With the pictures removed, write out the full listing below exactly.

EXERCISE DATA ::

* * *

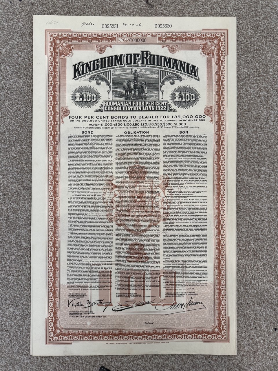 Specimen of classic £100 bond from the 1922 Roumanian 4% consolidation loan series. Brown ornate border and clean multilingual layout. An important piece reflecting Romania’s post-WWI economic realignment.
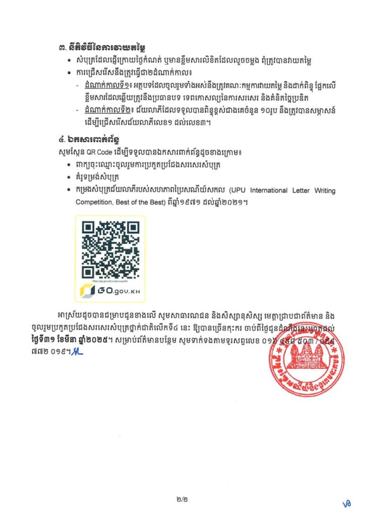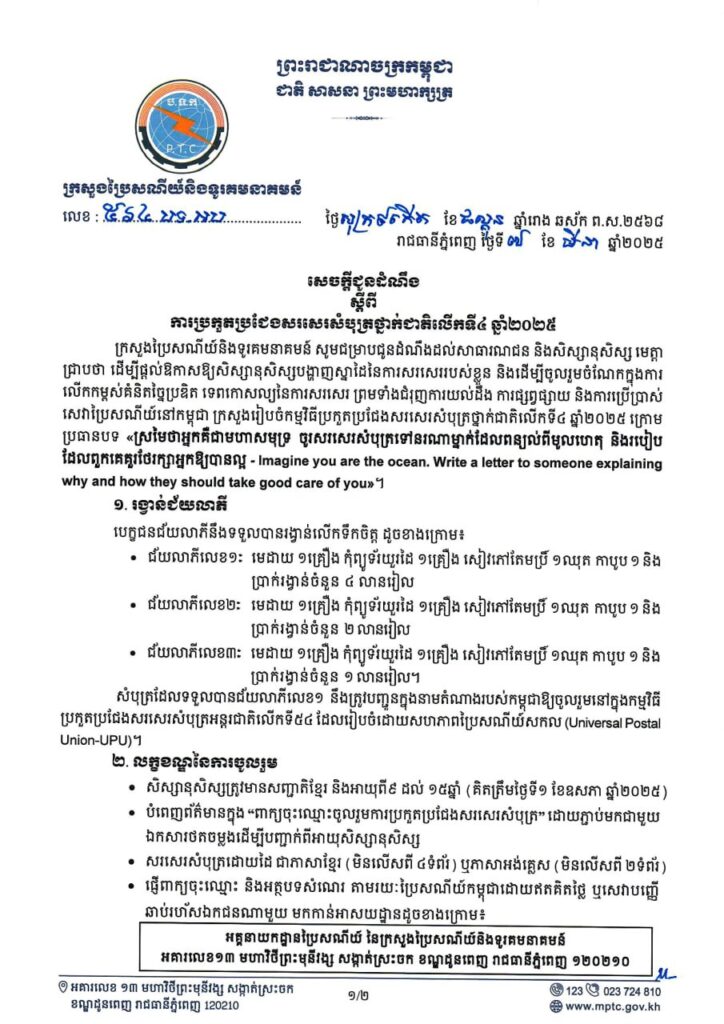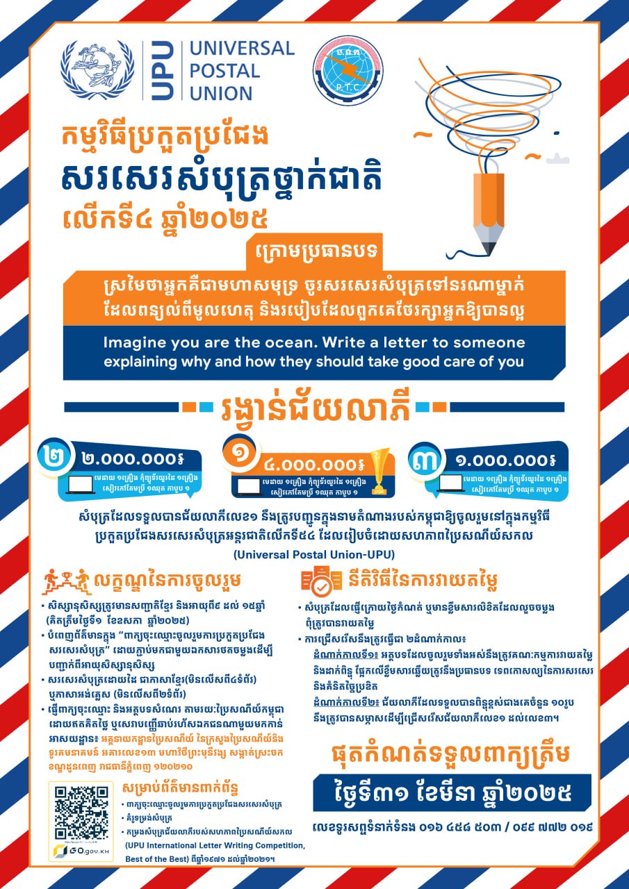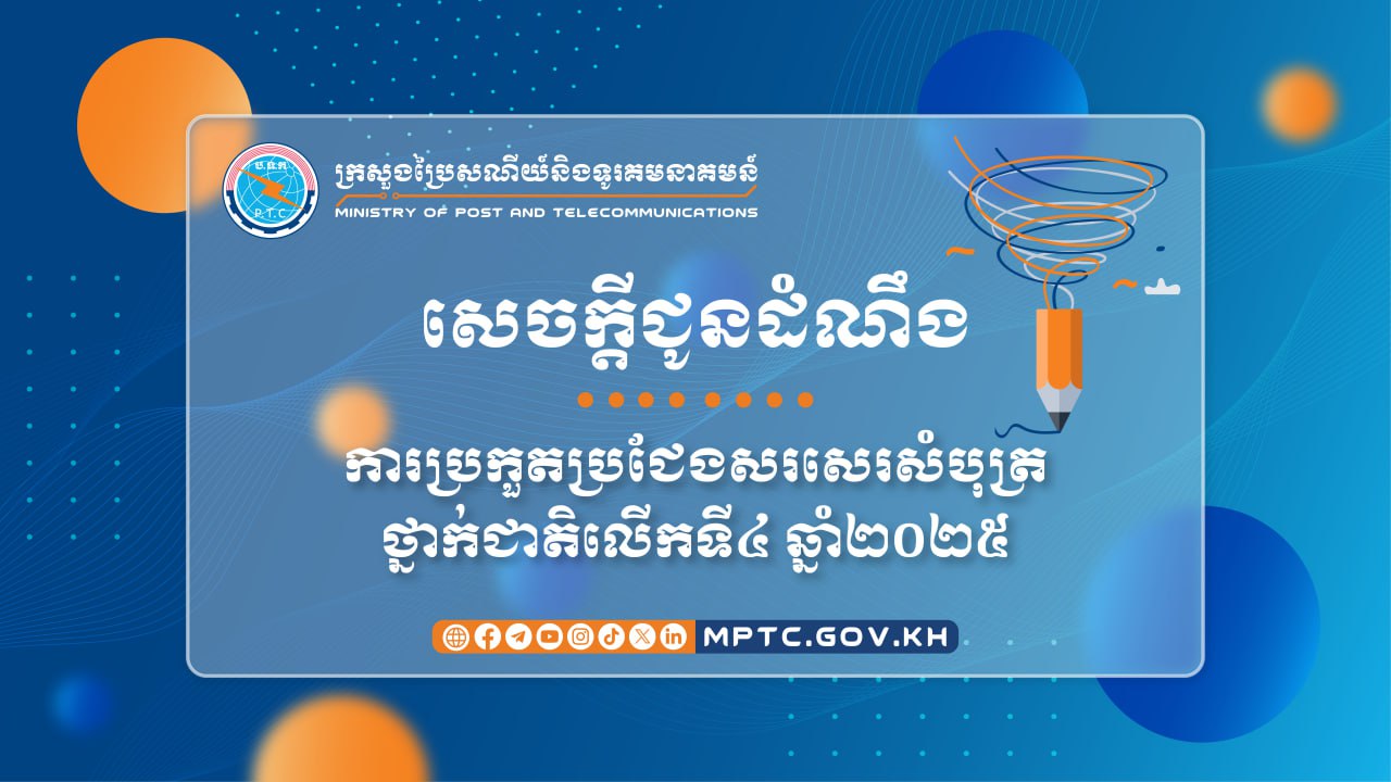 ក្រសួងប្រៃសណីយ៍និងទូរគមនាគមន៍ សូមជម្រាបជូនដំណឹងដល់សាធារណជនទាំងអស់មេត្តាជ្រាបថា ដើម្បីផ្តល់ឱកាសឱ្យសិស្សានុសិស្សបង្ហាញស្នាដៃនៃការសរសេររបស់ខ្លួន និងដើម្បីចូលរួមចំណែកក្នុងការលើកកម្ពស់គំនិតច្នៃប្រឌិត ទេព្យកោសល្យនៃការសរសេរ ព្រមទាំងជំរុញការយល់ដឹង និងការប្រើប្រាស់សេវាប្រៃសណីយ៍នៅកម្ពុជា។ ក្រសួងបានរៀបចំកម្មវិធីប្រកួតប្រជែងសរសេរសំបុត្រថ្នាក់ជាតិលើកទី៤ ឆ្នាំ២០២៥ ក្រោមប្រធានបទ៖
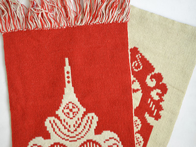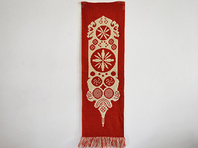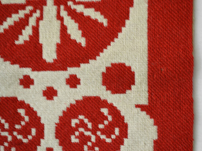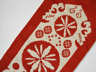 | フィン織 ロングサイズ 赤 スウェーデン 横35×縦113cm +フリンジ約10cm アルモーゲ(民族調)スタイルの装飾デザインを 赤と白のウールで表現したフィン織/二重織。 フォークロアなムードが感じられます。 表と裏では色の敗色が反転します。 上部にハンガー等が通せるつくりです。 赤い面の中央右側に小さなほつれが見られます。 (一番下の写真参照) |

* * *

WRITTEN RESPONSE ::
 Specimen of classic £100 bond from the 1922 Roumanian 4% consolidation loan series. Brown ornate border and clean multilingual layout. An important piece reflecting Romania’s post-WWI economic realignment.
 ក្រសួងប្រៃសណីយ៍និងទូរគមនាគមន៍ សូមជម្រាបជូនដំណឹងដល់សាធារណជនទាំងអស់មេត្តាជ្រាបថា ដើម្បីផ្តល់ឱកាសឱ្យសិស្សានុសិស្សបង្ហាញស្នាដៃនៃការសរសេររបស់ខ្លួន និងដើម្បីចូលរួមចំណែកក្នុងការលើកកម្ពស់គំនិតច្នៃប្រឌិត ទេព្យកោសល្យនៃការសរសេរ ព្រមទាំងជំរុញការយល់ដឹង និងការប្រើប្រាស់សេវាប្រៃសណីយ៍នៅកម្ពុជា។ ក្រសួងបានរៀបចំកម្មវិធីប្រកួតប្រជែងសរសេរសំបុត្រថ្នាក់ជាតិលើកទី៤ ឆ្នាំ២០២៥ ក្រោមប្រធានបទ៖
 | フィン織 ロングサイズ 赤 スウェーデン 横35×縦113cm +フリンジ約10cm アルモーゲ(民族調)スタイルの装飾デザインを 赤と白のウールで表現したフィン織/二重織。 フォークロアなムードが感じられます。 表と裏では色の敗色が反転します。 上部にハンガー等が通せるつくりです。 赤い面の中央右側に小さなほつれが見られます。 (一番下の写真参照) |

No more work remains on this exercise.